И он оглядывается еще несколько раз, а мальчики и вовсе не смотрят. Все?

Все.

Все закончилось.

Стираю капельки крови, выступившие из ранок на ладонях, – так сжимала кулаки, а больно только теперь сделалось.

Больше нигде не больно.

Отмахивалась, дралась?

Да, пока за руки не схватили.

Но только не кричала. Застегиваю джинсы, поднимаюсь на три ступеньки, останавливаю себя, сейчас если выйду в коридор, кого встречу? Никого нет, они на процедурах.
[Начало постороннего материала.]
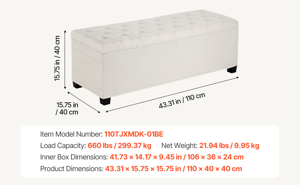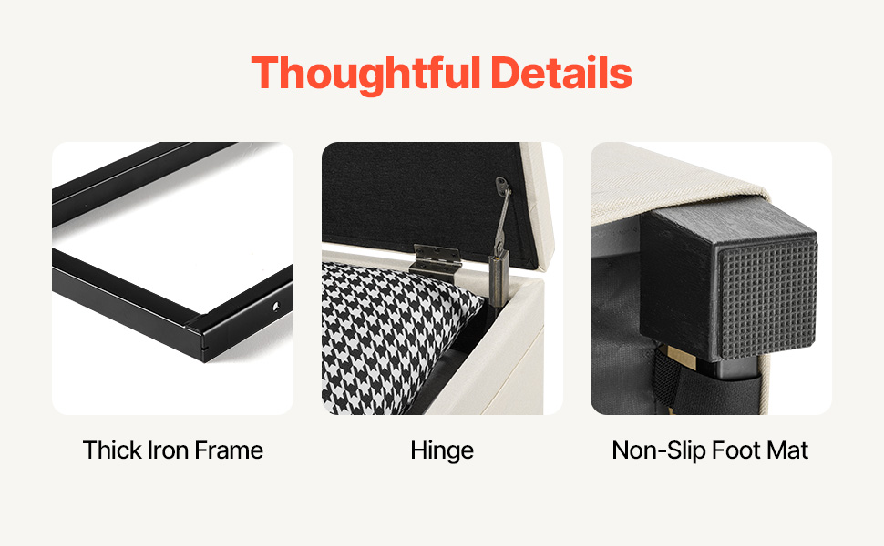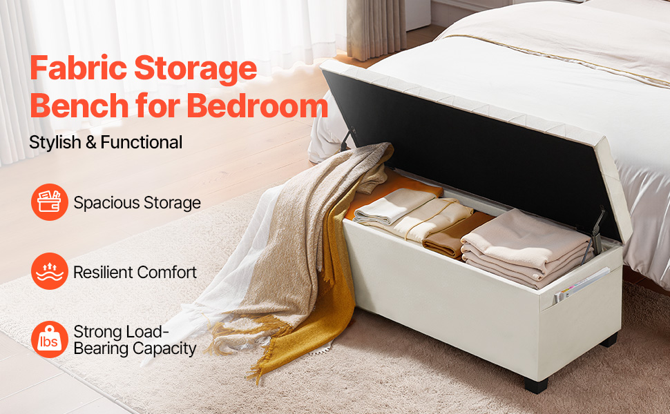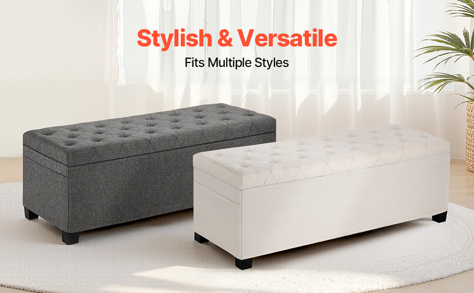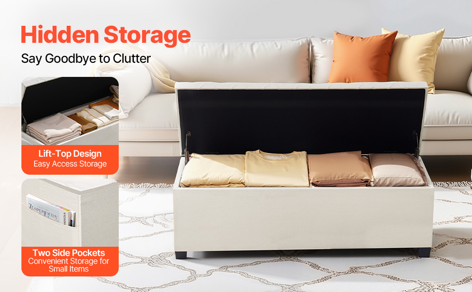 Progettata con un coperchio ribaltabile incernierato, la nostra panca contenitore offre ampio spazio interno per riporre biancheria da letto, libri o oggetti essenziali di uso quotidiano. Le sue due tasche laterali possono contenere piccoli oggetti come telecomandi o telefoni.

Но когда выхожу, оказывается, что все закончилось, они ходят, болтают, сидят на диване в холле, а по телевизору показывают что-то без перевода, может быть, я просто сейчас никакого языка не понимаю, но нет, они нашли какой-то иностранный канал, сидят, радуются, а мне нужно кому-то рассказать, крикнуть:

А ВЫ ЗНАЕТЕ ЧТО СЕЙЧАС СО МНОЙ СЛУЧИЛОСЬ –

нет ничего вы не знаете и если крикну не обернетесь даже не обратите внимание на расхристанный вид спутанные волосы а еще что-то на щеке болит хотя не били нет Муха не бил пальцем не тронул чтобы потом ничего лишнего не сказала так что это получается – я самахотеласамахотеласама, а я ничего не хотела, только посидеть на подоконнике и дождаться Крота

Не хотела, чтобы сдергивали с подоконника, вообще не хотела, чтобы держали за руки.

В коридоре нет ребят, с которыми дружу, только идет Ник – один, он всегда без компании ходит, но когда нужно, вокруг собираются, но он скользит взглядом, удивленно, насмешливо, потому что я некрасивая иду, растрепанная, а на руке набухает кровоподтек, но ведь не видно же со стороны, что Степашка сжал слишком сильно.

Выпрямилась под взглядом, посмотрела в сторону.

Пусть думает, что я просто бегала, прикалывалась. Или упала, хотя смешного ничего.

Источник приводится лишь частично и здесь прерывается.